▶ _Exercise directions_
For this exercise, reproduce the entries below exactly, but only from the line containing "Frederick Douglass' home in 2021" through the line containing "Photo 4. Typical", both included.

▶ _Excerpted data_
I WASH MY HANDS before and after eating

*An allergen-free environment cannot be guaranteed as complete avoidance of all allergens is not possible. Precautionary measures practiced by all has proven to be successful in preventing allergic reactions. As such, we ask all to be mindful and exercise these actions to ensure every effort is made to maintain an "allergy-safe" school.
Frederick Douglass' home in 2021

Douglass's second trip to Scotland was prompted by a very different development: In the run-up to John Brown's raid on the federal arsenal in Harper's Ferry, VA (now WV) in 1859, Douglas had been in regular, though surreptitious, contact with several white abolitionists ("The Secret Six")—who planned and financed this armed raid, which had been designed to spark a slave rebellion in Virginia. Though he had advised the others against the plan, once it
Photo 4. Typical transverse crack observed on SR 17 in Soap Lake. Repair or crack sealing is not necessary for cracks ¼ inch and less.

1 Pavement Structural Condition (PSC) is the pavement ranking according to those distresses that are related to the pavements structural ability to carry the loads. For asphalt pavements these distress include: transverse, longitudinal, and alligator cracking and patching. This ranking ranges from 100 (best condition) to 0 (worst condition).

--

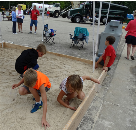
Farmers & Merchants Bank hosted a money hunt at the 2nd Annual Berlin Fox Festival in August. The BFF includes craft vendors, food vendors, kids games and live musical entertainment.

▶ _Result of this exercise_
Frederick Douglass' home in 2021

Douglass's second trip to Scotland was prompted by a very different development: In the run-up to John Brown's raid on the federal arsenal in Harper's Ferry, VA (now WV) in 1859, Douglas had been in regular, though surreptitious, contact with several white abolitionists ("The Secret Six")—who planned and financed this armed raid, which had been designed to spark a slave rebellion in Virginia. Though he had advised the others against the plan, once it
Photo 4. Typical transverse crack observed on SR 17 in Soap Lake. Repair or crack sealing is not necessary for cracks ¼ inch and less.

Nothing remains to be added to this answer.